Alice was born in Stepney, the pre-marital child of Wood Burville (b Ash, Kent 1831; d London 9 February 1899) and Julia Mitchell ... I've written her up briefly in my Encyclopaedia of the Musical Theatre, so I can simply reproduce my article here, adding the odd expansion of detail:

 'The daughter of a London photographer, pretty young Alice Burville took to the stage at a very early age and went on to become a favourite ‘principal girl’ soprano of the 1870s and early 1880s British and American stage. She began her West End career in the tiny rôle of a Maid of Honour in La Branche cassée (1874), and continued through roles in Ten of 'em (Zehn Mädchen un kein Mann) and the 1874 pantomime (Kohinoor in Aladdin) at the Theatre Royal, Drury Lane, and burlesque (Meenie in Young Rip van Winkle 1876 opposite Nellie Farren), to take the leading ingénue rôles in London presentations of Dagobert (1875, Princess Fleur d'amour 'really sweet voice'), Fleur de thé (1875, Fleur de thé), The Duke's Daughter (La Timbale d'argent, 1876, Malvina), La Chanson de Fortunio (1876, Laurette) and Le Petit Duc (1878, la petite Duchesse, opposite Alice May).

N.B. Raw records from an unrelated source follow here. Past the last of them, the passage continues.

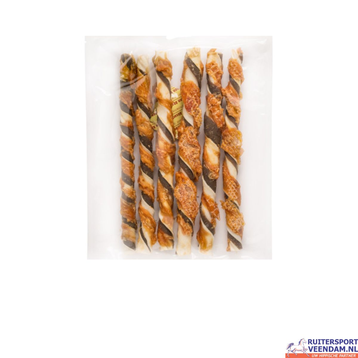 Deze Kip & Rundstaven Groot zijn smakelijke, stevige kauwsnacks voor honden die graag wat langer willen kauwen. De combinatie van kip en rund zorgt voor een heerlijke smaak, terwijl de stevige structuur bijdraagt aan een gezond kauwgedrag. Met een kauwhardheid van 4 zijn deze staven ideaal voor middelmatige tot stevige kauwers.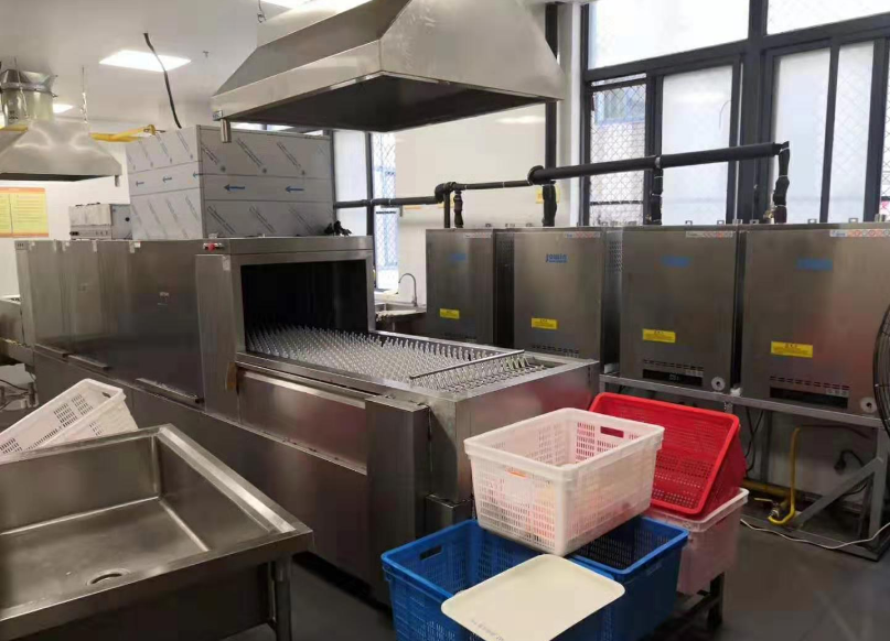 洗碗機采用高溫蒸汽為餐具清洗、高溫沖洗、烘干一體化處理的,機器的整個洗碗過程結束后餐具無須再進行另外消毒。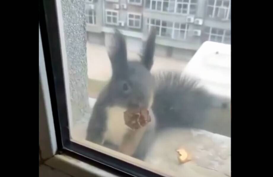 Видео: Белка стучит в окно девушки, чтобы купить у нее на шишки орехи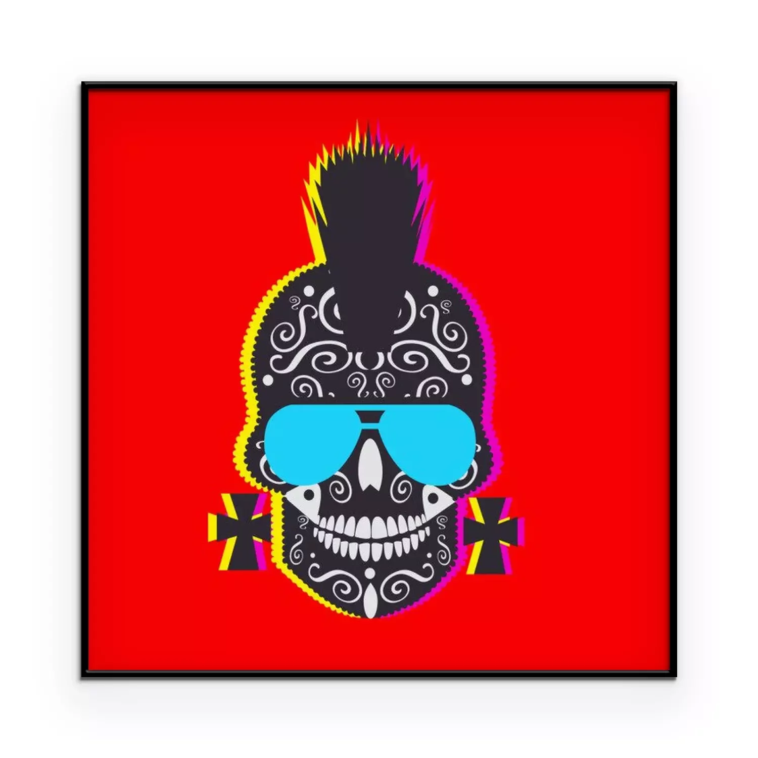 Poster Schedel pictogram modern, met zonnebril en Mohawk, duo schaduw ontwerp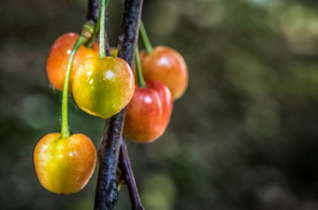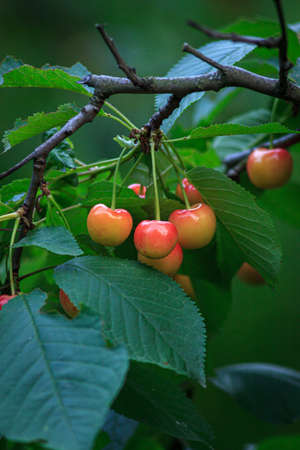 Ripening cherry fruits hanging on a cherry tree branch. Harvesting berries in cherry orchard on sunny summer rain.

She also took over as Rosalinde in London's first Die Fledermaus (1877) and as Josephine in the original production of HMS Pinafore and played the title-rôle in a major revival of Geneviève de Brabant. 
 In 1877 she visted America as a member of Lydia Thompson's troupe playing Polly Hopkins in Robinson Crusoe, Suzel in Oxygen, Joconde in Piff-Paff, Fatima in Bluebeard etc ('one of the most agreeable voices ever heard here in burlesque'), and she subsequently went round the United States with Nat Goodwin’s Froliques (Minnie Clover/Constance in Hobbies, 1880), being adjudged by the local press ‘an excellent specimen of an English burlesque actress, fair and buxom and a capital songstress’. She also appeared on Broadway as Arabella in Billee Taylor (1881) and Lady Angela in Patience (1881-2). She returned home, amongst scandalous rumours of a paid-off marriage to Howell Osborne, the actress-chasing son of a hugely wealthy stockbroker, C J Osborne, where she appeared as Fiametta in the British production of Boccaccio (1882), but this was her last major London rôle, her work thereafter being largely in the provinces where she appeared in the title-rôle of Merry Mignon, composed by her newly acquired (1883) husband, John Crook, and took the lead in the provincial musical The Bachelors (1885). She was last stage-sighted playing in pantomime at the suburban Standard Theatre in 1887 and at Leicester at Christmas 1893 when she played Drogan in Geneviève de Brabant alongside a couple of other veterans of that famous show’s earlier productions.
Prior to her marriage to Crook, and to the stockbroker scandal, Miss Burville was briefly married (4 March 1876) to the actor and singer W H Denny. He divorced her for adultery in 1879-81.



Addendum et extensum:
Before her appearance in London in La Branche cassée, Alice had already played in Nemesis in the provinces, to where she returned, between London engagements, in later 1876, with Richard South's Opera Company as Wanda to the Grande-Duchesse of Selina Dolaro and Clairette in La Fille de Madame Angot.
The Thompson trip to America was made along with her younger sister, [Rachel Se]Lina Burville (b Prince's Street, Chelsea 15 June 1858; d Keswick 30 November 1935) who stayed behind when Alice reurned to Britain, but was also seen in London in Geneviève de Brabant and The Prima Donna (1889) .
At Christmas 1882 Alice played Zorilda in Sinbad with Lina at the Theatre Royal, Manchester, in 1883 she was Sir Aintree de Waterloo in Beauty and the Beast at the Prince of Wales, Liverpool where she repeated in 1884, in 1885 the fairy in Robinson Crusoe at Birmingham, in 1887 Polly Perkins in Fee Fi Fo Fum at the Standard Theatre ('excelled in her vocalism'), in 1888 as principal Girl at Edinburgh's Dick Whittington.  In 1892, she went on tour with Augustus Harris's troupe, alongside J L Shine and Kate Sullivan, playing the comic opera The Young Recruit.
After being separated from Alice, Howell Osborne moved his attentions to Fay Templeton. She inherited largely at his death.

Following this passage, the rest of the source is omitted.